Les potentiels redox du Cuivre [0.159 V pour Cu2+/Cu+ et 0.520 V pour Cu+/Cu0]témoignent de l’instabilité thermodynamique du CuI qui peut facilement s’oxyder en CuII ou se dismuter en Cu0 et CuII. Par conséquent, son utilisation requiert des conditions inertes. Pour s’affranchir de cette contrainte, la CuAAC s’appuie sur la réduction in situ du CuII en CuI grâce à l’action de l’ascorbate de sodium. Bien que cette méthode soit efficace, elle a montré certaines limitations. Sur un plan synthétique, le système CuII/ascorbate échoue à catalyser la formation des 1,2,3-triazoles 1,4-disubstitués pour certains substrats tels que les azotures fluoro-alkyles 42. Sur un plan applicatif, le système CuII-ascorbate s’est révélé inefficace dans le cadre de la bio-conjugaison pour trois raisons. La première est en rapport avec l’aérobie des milieux biologiques : comme dans ces conditions le CuI généré s’oxyde rapidement, une plus grande quantité de CuII et d’agent réducteur est nécessaire. Or, les sels réducteurs tels que l’ascorbate de sodium peuvent interagir avec les protéines chaines induisant des altérations au niveau de la structure de l’ADN 43. La deuxième raison est d’ordre cinétique : la CuAAC catalysée par le système de Sharpless n’est pas compatible avec la cinétique requise pour la conjugaison en milieu biologique. Enfin, la troisième raison est en rapport avec la toxicité du cuivre en milieu cellulaire 44. Pour circonvenir ces limitations, des travaux se sont inspirés de l’activité catalytique des métallo-enzymes qui font intervenir le CuI en lui fournissant un environnement de coordination adapté 45,46,47. Pour mimer cette enveloppe de protection, il a été proposé l’utilisation de ligands pouvant :

Stabiliser l’état d’oxydation + I pour éviter l’oxydation et la dis-mutation.

Protéger la sphère de coordination du cuivre pour éviter la formation de complexes polynucléaires (agrégats) inactifs tout en permettant à l’azoture d’y accéder.

Offrir une bonne densité électronique au cuivre pour une meilleure réactivité sans perturber son état d’oxydation.

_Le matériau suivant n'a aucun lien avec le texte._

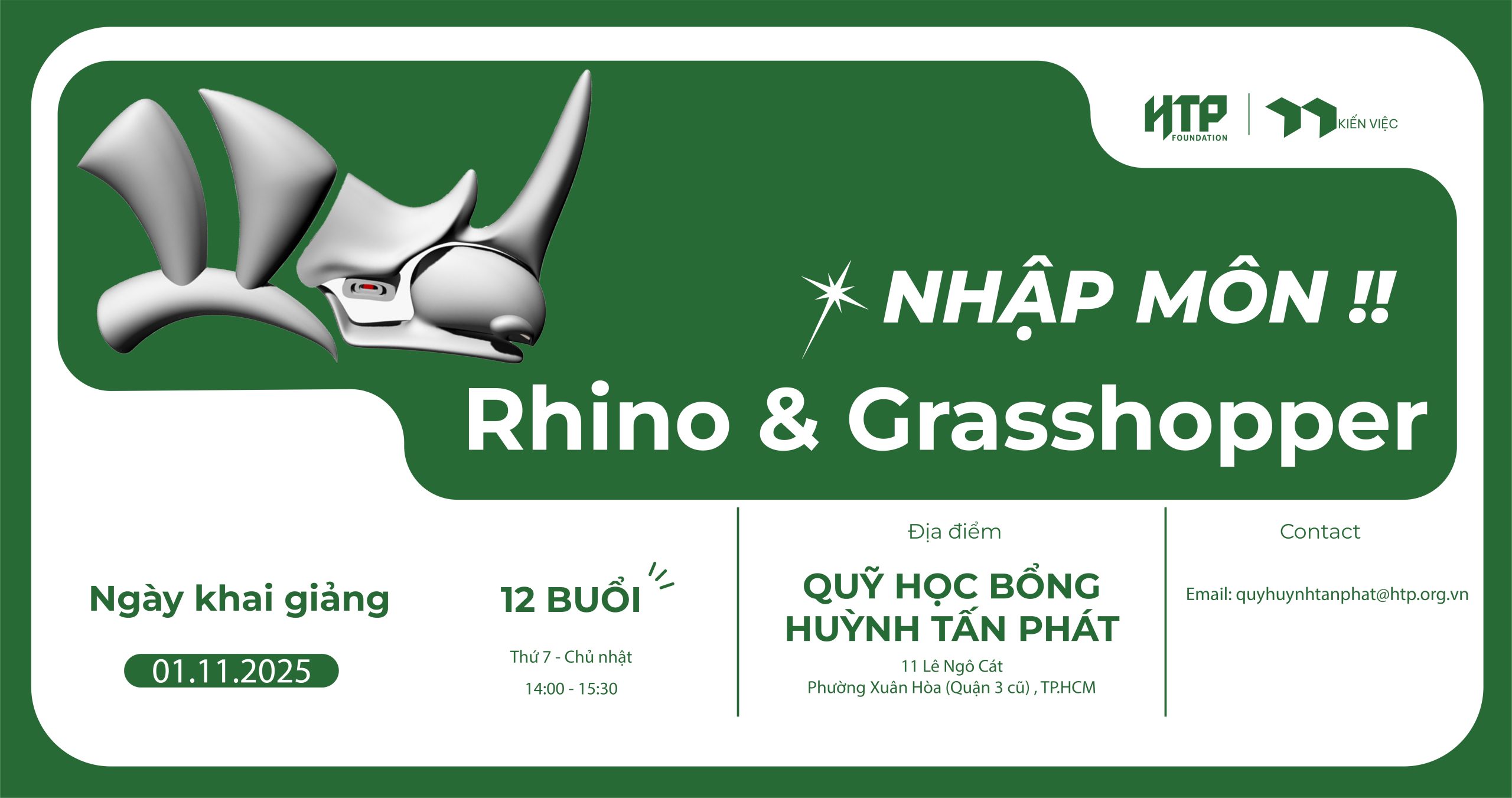 Rhino và Grasshopper Foundation ra đời như một câu trả lời cho khoảng trống đó: một khóa học giúp người học xây dựng nền tảng kỹ thuật vững chắc, hiểu bản chất của mô hình 3D, nắm được quy chuẩn trình bày, và từ đó nâng cao năng lực giao tiếp bằng ngôn ngữ thiết kế.

Grâce à son caractère acide de Lewis intermédiaire mou-dur à légèrement mou, le cuivre est potentiellement compatible avec différents types de ligands. Ainsi, un large panel de ligands a été investigué. Cependant, ces travaux ont été réalisés dans des conditions réactionnelles très différentes les unes des autres, ce qui a compliqué la comparaison des résultats obtenus. On peut, néanmoins, définir deux classes de ligands en se basant sur leur caractère donneur.

41 a) Ligands mous :

Cette classe inclut une variété de ligands tels que les phosphines, nitriles, guanidines, imines, thiols, halogènes. Elle est subdivisée en deux sous-classes. La première est caractérisée par une labilité prononcée et donc une protection marginale de la sphère de coordination du Cuivre (ex : halogène). La deuxième se distingue par une liaison forte avec le Cuivre, ce qui inhibe l’activité de ce dernier (ex : nitrile 48). Dans les deux cas, ces ligands ne sont pas assez favorables à la réaction.

b) Ligands durs :

Cette classe est dominée par les amines qui sont largement utilisées en raison de leur double fonction base-ligand. Le caractère basique aide à la déprotonation (surtout dans les solvants organiques) tandis que son potentiel chélateur prévient la formation d’agrégats, facilite la coordination de l’azoture au cuivre et favorise la solubilité du complexe. On peut citer plusieurs exemples d’amines tertiaires fréquemment utilisées telles que la triéthylamine, la N,N-diisopropyléthylamine, la 2,6-lutidine, etc. La TBTA (tris(benzyltriazolyl)méthylamine) (Figure 13) 46 est particulièrement intéressante pour des applications de bio-conjugaison 49. Son efficacité est attribuée à son caractère à la fois mou (faible potentiel de liaison de ses « bras ») et dur (effet donneur de l’atome d’azote central).